Business Administration Education Guide

Friday, March 02, 2007

New National State ID Card Regulations Issued

New National ID Card Regulations Issued


Homeland Security officials released guidelines that will turn state-issued identification cards into internal US passports. The new changes are expected to cost states and individuals $23 billion over 10 years.

The regulations are complex, ranging from the kinds of documents required to get a license, how states databases will interact, the required elements on a compliant I.D. document's face, how states need to store copies of your breeder documents, and how states can attempt to deal with homeless people and other cases, such as judges, police officers and victims of domestic violence and stalking.

The 162 pages of proposed rules (.pdf) require:

  • Applicants must present a valid passport, certified birth certificate, green card or other valid visa documents to get a license and states must check all other states' databases to ensure the person doesn't have a license from another state.

  • States must use a card stock that glows under ultraviolet light, and check digits, hologramlike images and secret markers.

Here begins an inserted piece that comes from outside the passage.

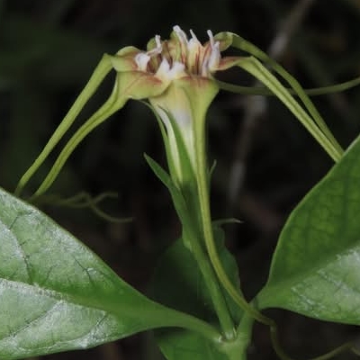 (Ceropegia、臘泉花屬) ==非台灣原生種== ●愛之蔓(Ceropegia woodii) (栽培種;匍匋地面或懸垂生長;葉對生,心形;花冠紫黑色;果實為線形之蓇葖果;成熟植株葉腋易長小塊莖(零餘子),可作繁殖) |

  • Identity documents must expire before eight years and must include legal name, date of birth, gender, digital photo, home address and a signature. States can propose ways to let judges, police officers and victims of domestic violence keep their addresses off the cards. There are no religious exemptions for veils or scarves for photos.

  • States must keep copies of all documents, such as birth certificates, Social Security cards and utility bills, for seven to 10 years.

DHS estimates that it will take only 44 minutes for a current driver's license holder to get a certified copy of their birth certificate, travel to the DMV and get a new license when it expires. No current driver's license holder will be allowed to renew a license by mail.

Critics, such as American Civil Liberties Union attorney Tim Sparapani, charge that the bill increases government access to data on Americans and amplifies the risk of identity theft, without providing significant security benefits.

Sophia Cope, a staff attorney at the centrist Center for Democracy and Technology, says the rules only mention privacy once.

"The Real ID Act does not include language that lets DHS prescribe privacy requirements, so there are no privacy regulations related to exchange of personal information between the states, none about skimming of the data on the magnetic stripe, and no limits on use of information by the feds," Cope said.

The Real ID Act, slipped into an emergency federal funding bill without hearings, originally required states to begin issuing the ID documents by May 2008. The proposed rules allow states to ask for an extension until Jan. 1, 2010.

Cope wants Congress to step in and rewrite the rules. The ACLU and Jim Harper, a libertarian policy analyst at the Cato Institute who specializes in identity and homeland security issues, agree.

"With five-plus years behind us, now is the time to be looking at what works and what doesn't work," Harper said. "Students of identification know that a national ID does not help with security."

Maine has already declared it will not follow the rules, and other states are close to joining that rebellion. In Congress, a bipartisan coalition is forming around bills that would repeal portions of the Real ID Act, but it is unclear if today's rules will slow or accelerate these efforts.